** Opening Material provided block **

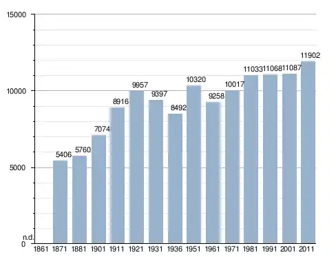 في سنة 1871 بلغ عدد السكان 5٬406 نسمة، وتطور العدد ليصل في سنة 2011 لـ 11٬902 نسمة.
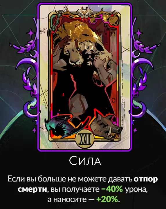 【力量】 【力量】卡牌能为我们提供20%的伤害增益,该增益不仅作用于普通攻击和技能,还适用于我们造成的所有伤害,例如持续伤害类的腐蚀效果,同时还能使我们受到的伤害降低40%。但为了让这张卡牌生效,我们需要完全放弃任何形式的死亡后效果,也就是放弃雅典娜的额外恩赐。死亡抵抗,来自图拉,来自传说中的混沌恩赐,以及我之前提到的两个纪念品:【幸运牙齿】和【刻字徽章】。乍一看这似乎不那么划算,因为按照最基本的计算,如果算上普通的100点生命值和3次死亡抵抗,我们本应拥有220点生命值,但实际上却只有140点,但事情并非这么简单。你不必是一位非常厉害的玩家才能使用这张卡牌,别让游戏误导你。从描述上看,你可能会觉得这是一张只有当你已经非常擅长这款游戏且不需要额外防护时才会使用的卡牌,但事实并非如此,因为【力量】本身已经具备非常不错的额外防护。40%的伤害抗性非常高,而且我们有很多潜在的治疗手段,比如【血之子】这张卡牌,它能在我们通过每个区域后提供少量但持续的生命值回复。除此之外,我们的所有伤害都会增加20%,不仅仅是普通攻击和技能,而是全部伤害,包括像灼伤或毒液这类异常状态造成的伤害,这提升幅度很大。很多玩家如果开始使用力量属性,可能会感觉更顺手。我一开始也是为了测试才使用力量属性的,我不太擅长这款游戏,我非常喜欢坦克式的输出玩法,而不是闪避流,用了力量属性后,玩起来舒服多了。你也试试,一定要多跑几次图,90%的情况下你会喜欢这张地图,而且你会感觉到不同,发现自己并不需要死亡抗性。由于我们放弃使用“死亡”机制,因此也无需再使用“幸运骰子”或徽章,这让我们能够在首领战中使用所谓的“帮派”,这是个非常不错的纪念品。我开始用“该死的清单”来代替徽章,只需在所谓的海洋区域装备一次,就能在接下来的三个区域中直接跳过房间。此外,我们始终可以使用【戈尔工护符】来召唤雅典娜,并从她那里获得额外的恩赐,包括在地下世界中。
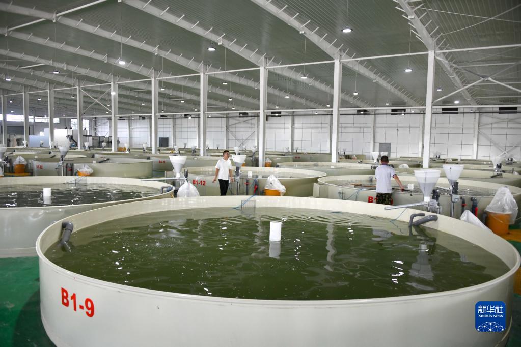 這是山東省微山縣現代漁業(yè)產(chǎn)業(yè)園內的智慧漁業(yè)車(chē)間(2022年8月23日攝)。新華社記者 徐速繪 攝

** Closing Material provided block **

Task prompt
Without including any picture, reproduce the material above word for word.

Response to the exercise
 في سنة 1871 بلغ عدد السكان 5٬406 نسمة، وتطور العدد ليصل في سنة 2011 لـ 11٬902 نسمة.
 【力量】 【力量】卡牌能为我们提供20%的伤害增益,该增益不仅作用于普通攻击和技能,还适用于我们造成的所有伤害,例如持续伤害类的腐蚀效果,同时还能使我们受到的伤害降低40%。但为了让这张卡牌生效,我们需要完全放弃任何形式的死亡后效果,也就是放弃雅典娜的额外恩赐。死亡抵抗,来自图拉,来自传说中的混沌恩赐,以及我之前提到的两个纪念品:【幸运牙齿】和【刻字徽章】。乍一看这似乎不那么划算,因为按照最基本的计算,如果算上普通的100点生命值和3次死亡抵抗,我们本应拥有220点生命值,但实际上却只有140点,但事情并非这么简单。你不必是一位非常厉害的玩家才能使用这张卡牌,别让游戏误导你。从描述上看,你可能会觉得这是一张只有当你已经非常擅长这款游戏且不需要额外防护时才会使用的卡牌,但事实并非如此,因为【力量】本身已经具备非常不错的额外防护。40%的伤害抗性非常高,而且我们有很多潜在的治疗手段,比如【血之子】这张卡牌,它能在我们通过每个区域后提供少量但持续的生命值回复。除此之外,我们的所有伤害都会增加20%,不仅仅是普通攻击和技能,而是全部伤害,包括像灼伤或毒液这类异常状态造成的伤害,这提升幅度很大。很多玩家如果开始使用力量属性,可能会感觉更顺手。我一开始也是为了测试才使用力量属性的,我不太擅长这款游戏,我非常喜欢坦克式的输出玩法,而不是闪避流,用了力量属性后,玩起来舒服多了。你也试试,一定要多跑几次图,90%的情况下你会喜欢这张地图,而且你会感觉到不同,发现自己并不需要死亡抗性。由于我们放弃使用“死亡”机制,因此也无需再使用“幸运骰子”或徽章,这让我们能够在首领战中使用所谓的“帮派”,这是个非常不错的纪念品。我开始用“该死的清单”来代替徽章,只需在所谓的海洋区域装备一次,就能在接下来的三个区域中直接跳过房间。此外,我们始终可以使用【戈尔工护符】来召唤雅典娜,并从她那里获得额外的恩赐,包括在地下世界中。
 這是山東省微山縣現代漁業(yè)產(chǎn)業(yè)園內的智慧漁業(yè)車(chē)間(2022年8月23日攝)。新華社記者 徐速繪 攝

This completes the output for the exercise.